Human herpesvirus 6 (HHV-6) is a potentially immunosuppressive agent that may act as a cofactor in the progression of AIDS. Here, we describe the first small animal model of HHV-6 infection. HHV-6 subgroup A, strain GS, efficiently infected the human thymic tissue implanted in SCID-hu Thy/Liv mice, leading to the destruction of the graft. Viral DNA was detected in Thy/Liv implants by quantitative polymerase chain reaction (PCR) as early as 4 d after inoculation and peaked at day 14. The productive nature of the infection was confirmed by electron microscopy and immunohistochemical staining. Atypical thymocytes with prominent nuclear inclusions were detected by histopathology. HHV-6 replication was associated with severe, progressive thymocyte depletion involving all major cellular subsets. However, intrathymic T progenitor cells (ITTPs) appeared to be more severely depleted than the other subpopulations, and a preferred tropism of HHV-6 for ITTPs was demonstrated by quantitative PCR on purified thymocyte subsets. These findings suggest that thymocyte depletion by HHV-6 may be due to infection and destruction of these immature T cell precursors. Similar results were obtained with strain PL-1, a primary isolate belonging to subgroup B. The severity of the lesions observed in this animal model underscores the possibility that HHV-6 may indeed be immunosuppressive in humans.

Figure 1

Replication of HHV-6A_GS in Thy/Liv implants. Implants were harvested 4, 7, 11, 14, and 27 d after direct intrathymic injection with HHV-6A_GS or mock injection of UV-inactivated viral stock (n = 9) or culture medium (n = 12) (Mock).

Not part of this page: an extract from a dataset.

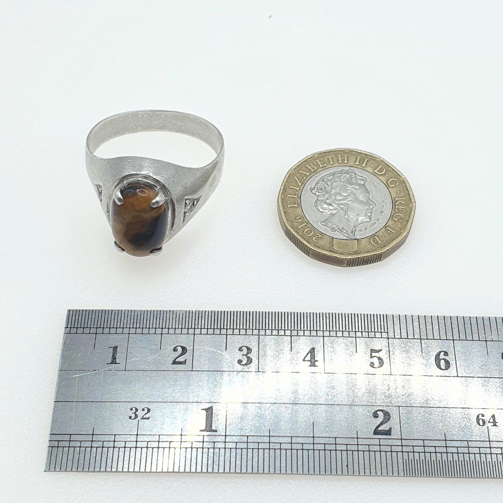 DESCRIPTION: A striking large vintage solid silver tiger eye & CZ signet ring. The ring boasts beautiful brown and amber tones with a natural tiger stripe effect across the stone. The ring sizes at approx. UK X.5 or US 11.75 and weighs approx. 8.41g. As to be expected with the items age, it isn't stamped/hallmarked, it tests for high grade silver (800+).

Data obtained at day 4, 7, and 11 were pooled. The amount of HHV-6 DNA and cell yield per implant are shown as means ± SEM. The numbers in parentheses indicate the number of mice analyzed at each of the indicated time points. Results include three independent experiments with six different cohorts of SCID-hu Thy/Liv mice. *P < 0.01, ^‡ P < 0.001 vs. mock; ^§ P < 0.05 vs. days 4–11, and P < 0.001 vs. day 27.

Figure 2

Transmission electron microscopy of a Thy/Liv implant harvested 11 d after inoculation with HHV-6A_GS. Naked viral nucleocapsids are visible in the nucleus, and two mature virions are visible in a cytoplasmic vacuole (insert). Original magnifications: ×10,000; inset, ×40,000.

Figure 3

Histopathology of HHV-6A_GS–infected Thy/Liv implants. (A) Severe thymocyte depletion associated with proliferation of granulation tissue in an implant harvested 14 d after inoculation with HHV-6A_GS (H&E; original magnification: ×40). (B) Typical appearance of a mock-infected Thy/Liv implant (H&E; original magnification: ×40). (C) Cytopathic effects induced by HHV-6A_GS. Atypical giant cells with prominent nuclear viral inclusions (Cowdry type A) (H&E; original magnification: ×1,000). (D) Immunohistochemical staining with 9A5D12, an mAb specific for the p41 early protein of HHV-6. Infected cells are scattered throughout the implant and include several large atypical cells (original magnification: ×100). (E) Double staining with CD3 (DAB) and 9A5D12 (Vector Red). All the cells that are positive for HHV-6 also coexpress CD3 (original magnification: ×1,000). (F) Double staining with an mAb to the macrophage marker CD68 (DAB) and to the p41 early protein of HHV-6 (9A5D12, Vector Red) (original magnification: ×1,000).